You mostly won’t. There’s usually no dashboard, no slick interface, no moving dials. This confuses a lot of beginners, because we’re used to software having a face.
You “see” an agent through what it produces. Files it writes. Messages it sends you. Things it prints in the terminal. Tasks it finishes or fails at. You can build a dashboard later if you want one (I eventually did), but on day one the agent is invisible except for its outputs.
How do you talk to it?
My agent has four channels now: email, Discord, iMessage, and a task app I built for it called WizBoard. That’s way more than a beginner needs. You need one channel, and whatever you already use for anything else is a fine pick.
The easiest first channel is the terminal on your own laptop. You type a message. It responds. That’s the whole interface. It looks ugly. It’s also the most powerful setup you can have for learning, because every other interface is just a fancy wrapper around that same loop.
3. What you need to begin
Before any code, before any chat, here’s the kit.
3.1. A machine
Your laptop is fine. Any laptop. Mac, Linux, Windows, all fine. If it can run a browser and a text editor, it can run your first agent. Don’t buy anything new.

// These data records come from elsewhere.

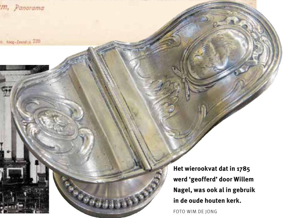
Het wieroekvat dat in 1785 werd 'geofferd' door Willem Nagel, was ook al in gebruik in de oude houten kerk.
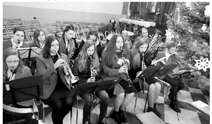
Garbowska Orkiestra Dęta
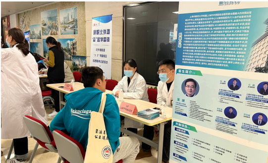
“学雷锋”进楼宇，健康走进你身边
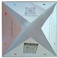
3. photos contre la table robots les 4 coins vers le milieu du carré
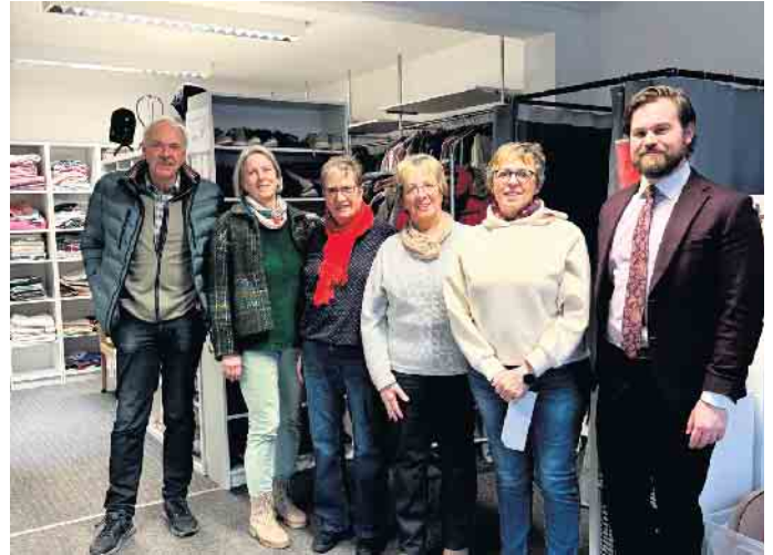
Spendenübergabe bei der Frielingsdorfer Kleiderbörse „Hand in Hand“

Rahmen eines Besuchs wurde die Spende an die Vertreterinnen der Kleiderbörsen überreicht. Dabei erhielten die Mitgliederinnen und Mitglieder der SPD Lindlar spannende Einblicke in die ehrenamt-

Later on, if you want your agent to keep working while you sleep or while you’re away from your desk, you’ll eventually graduate to something that stays on. I wrote about what that migration looked like for me, and it wasn’t hard. Although it matters eventually, it’s a month-three problem, not a day-one problem.
3.2. A subscription (or API access)
Let me be direct about this part, because I don’t see it spelled out often enough in beginner guides.

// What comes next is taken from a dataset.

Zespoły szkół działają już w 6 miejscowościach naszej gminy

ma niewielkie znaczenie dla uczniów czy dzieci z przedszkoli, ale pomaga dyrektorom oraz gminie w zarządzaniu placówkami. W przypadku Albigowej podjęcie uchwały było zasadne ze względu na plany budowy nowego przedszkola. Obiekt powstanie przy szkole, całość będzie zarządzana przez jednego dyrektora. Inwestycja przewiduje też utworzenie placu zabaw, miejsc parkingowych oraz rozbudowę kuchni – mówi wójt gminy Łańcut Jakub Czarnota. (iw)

Free tiers aren’t enough. They cap you out fast, and you’ll spend your first afternoon hitting rate limits instead of learning. This is the wrong place to save money.
A $20 per month tier is your floor. Claude Pro, ChatGPT Plus, or the equivalent from whichever provider you pick. That tier is genuinely enough to build a simple first agent and get it working. You won’t love it forever, but it’s more than enough to start.
Power users run more than that. I pay for multiple subscriptions and for API usage on top. My bill isn’t small. That’s a months-from-now problem. Don’t worry about it yet.
Like, think of the $20 as a gym membership. It’s the cost of learning the skill. And honestly, it’s one of the cheapest upgrades to your toolkit you’ll ever make, so don’t flinch at it.
3.3. A harness (the tool you actually work with)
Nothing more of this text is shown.